I found another thread here that I think has me on the right track, but I haven't solved it yet: Perl sorting; dealing with $a, $b package globals across namespaces cleanly

Switching to the prototyping method in the first answer:

my $depth_sort = sub ($$) { 
    my ($a1,$b1) = @_;
    return ($a1->depth <=> $b1->depth) };

gives me:

Can't call method "depth" on unblessed reference at treeFlipper.pl line 9, line 1.

But if I check the ref type, that seems correct:

print ref($a1) . "\n";

gives

Bio::Tree::Node

When I try force-blessing the reference (this is probably a terrible thing to do):

bless $a1, 'Bio::Tree::Node';
bless $b1, 'Bio::Tree::Node';

I get:

Not a HASH reference at /usr/local/share/perl/5.14.2/Bio/Tree/Node.pm line 433, line 1.

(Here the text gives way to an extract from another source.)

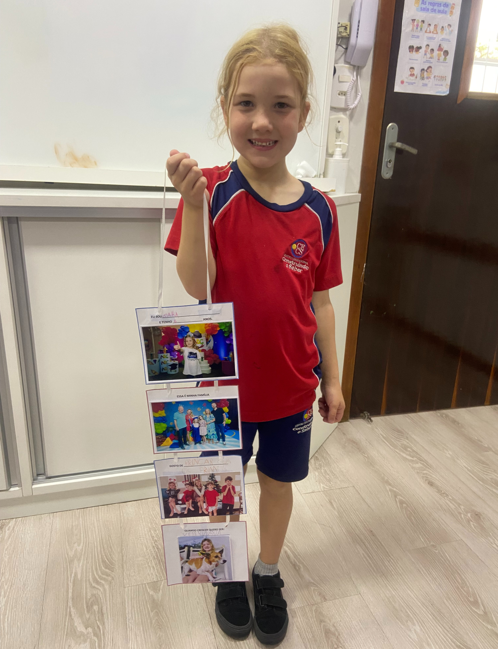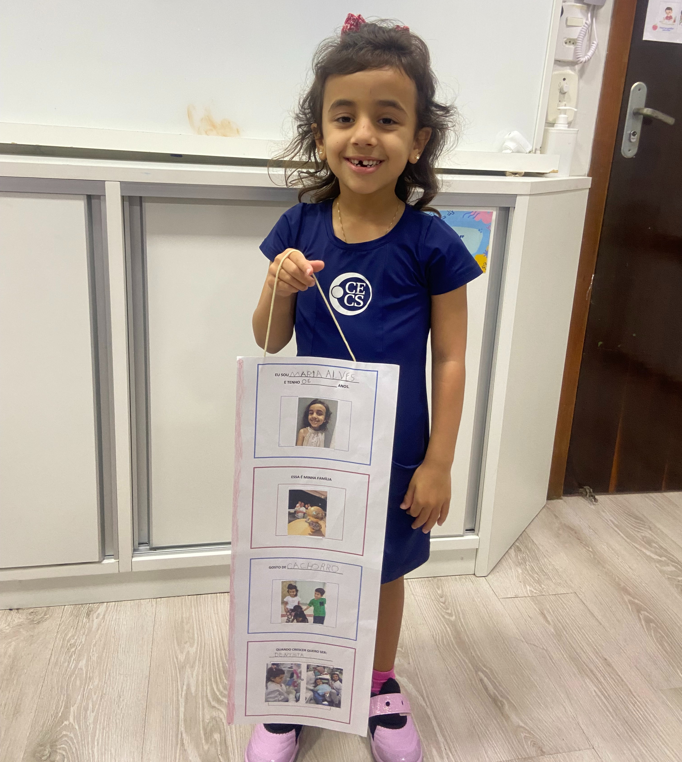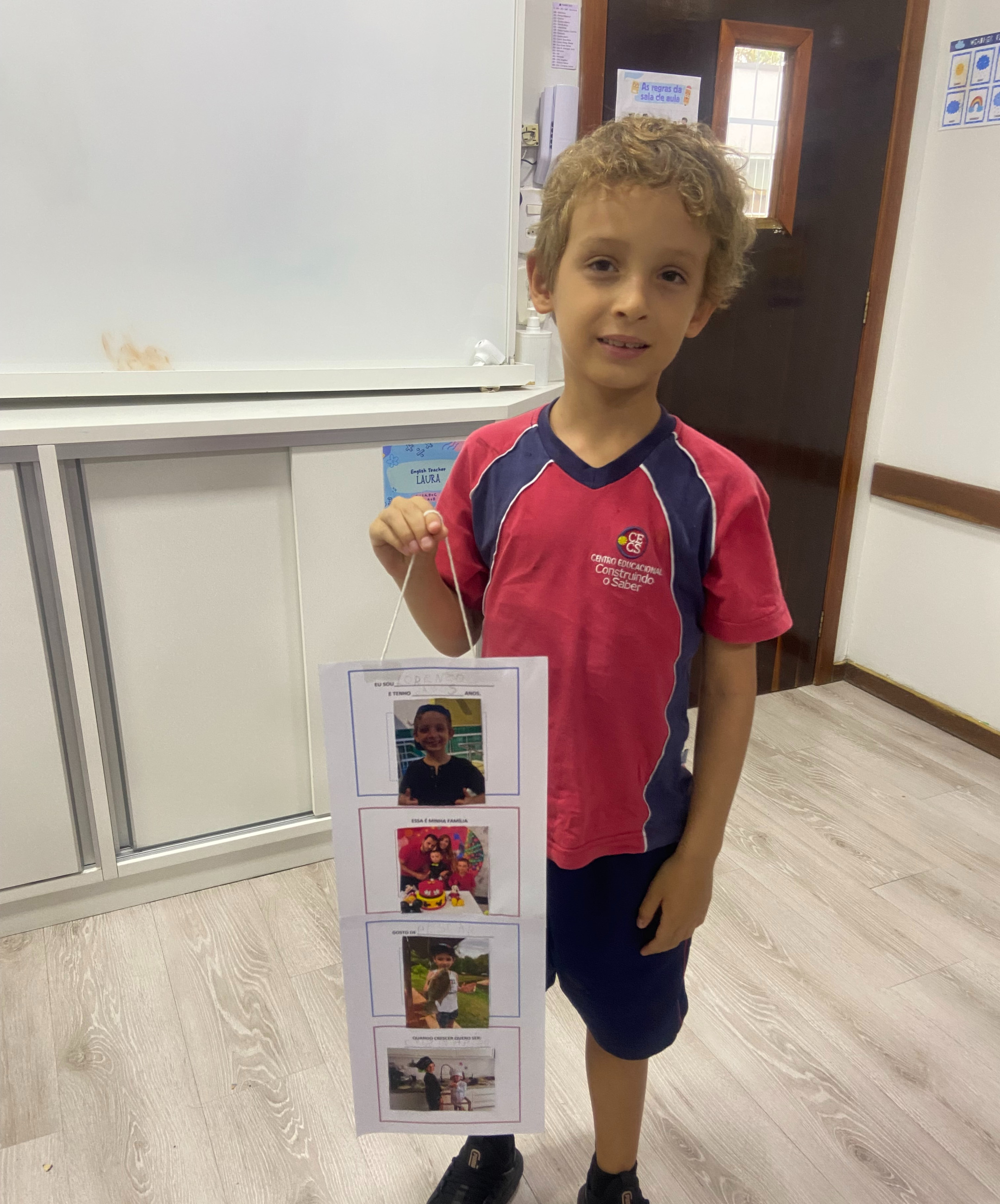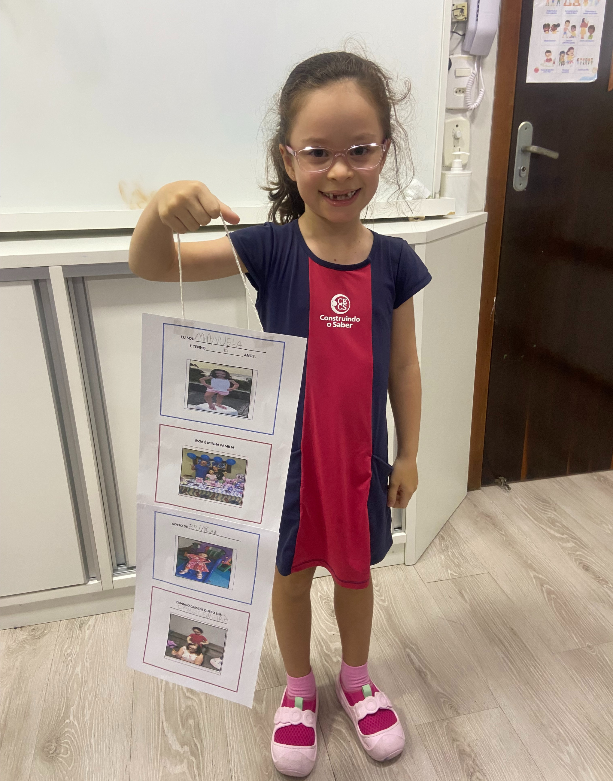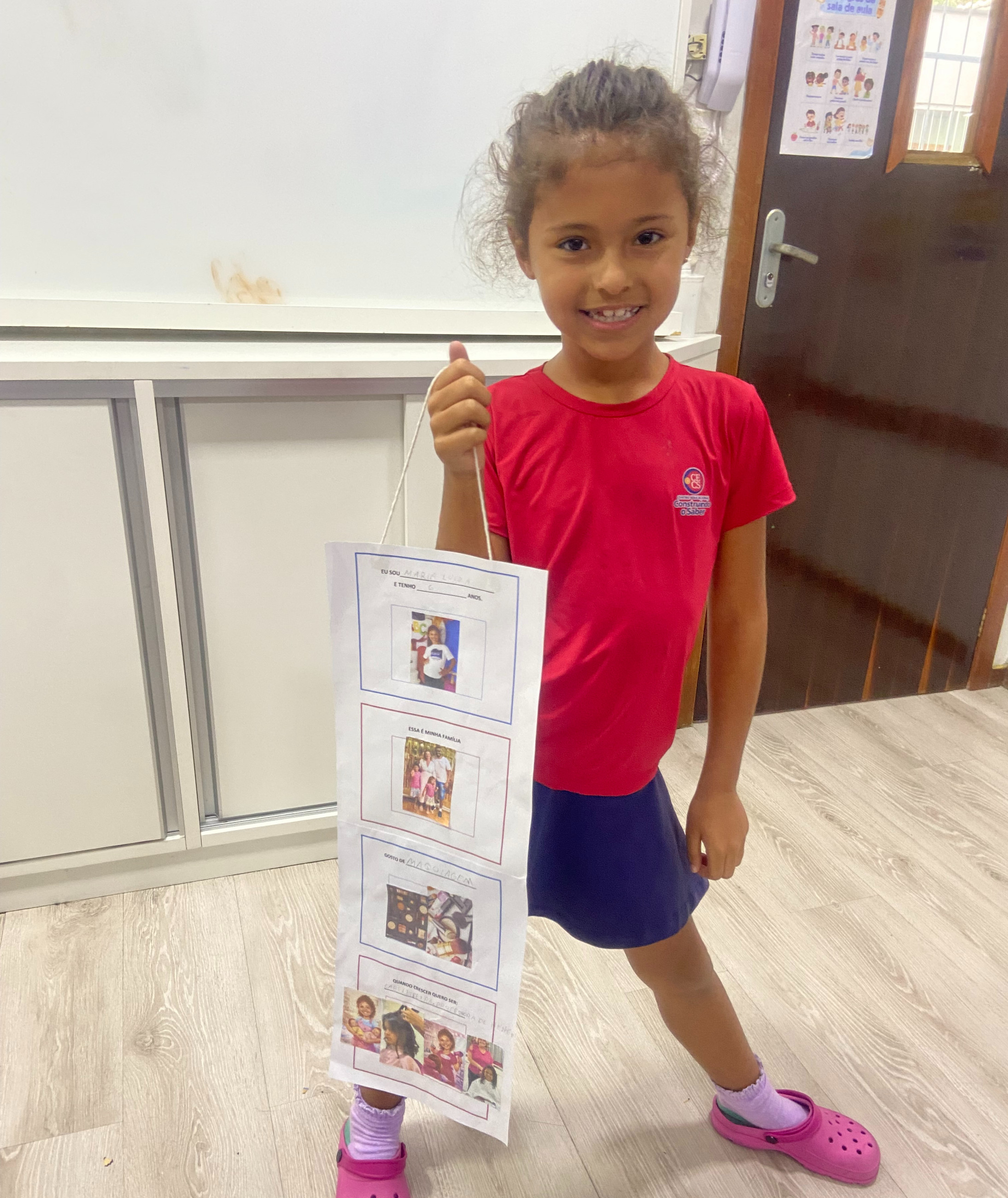 Em casa, cada criança, junto com seus familiares, preparou seu móbile com informações importantes sobre si mesma. Nele, puderam compartilhar seu nome, idade, quem faz parte de sua família, o que mais gostam de fazer e qual profissão sonham ter no futuro.

The other methods in that thread (using caller) give me the same old "undefined value" error.

Is this a problem with BioPerl, or (as I suspect) am I still missing something? Thanks!

edit: using Perl 5.14.2 on Ubuntu 12.04 LTS


Solution

  • There turned out to be three parts to this:

    1. The sort function does need to be prototyped and indexed directly OR accessed through the calling package, as documented (for instance) in the other thread I linked to.

    2. Why it still didn't work after fixing the sort function is a bit of a mystery, but is probably non-reproducible. It was solved by reinstalling BioPerl.

    3. Finally, it turns out that the current version of BioPerl (I have 1.6.9) doesn't fully implement the "order_by" parameter --the Bio::TreeIO::newick constructor does not set the passed-in value like it should. However, I was able to get around this by explicitly setting the parameter after construction:

      my $out = new Bio::TreeIO(
           -file     => ">sorted.tree", 
           -format   => 'newick', 
      );
      $out->get_params->{'order_by'}=$depth_sort;
      $out->write_tree($tree);
      

    This worked as expected.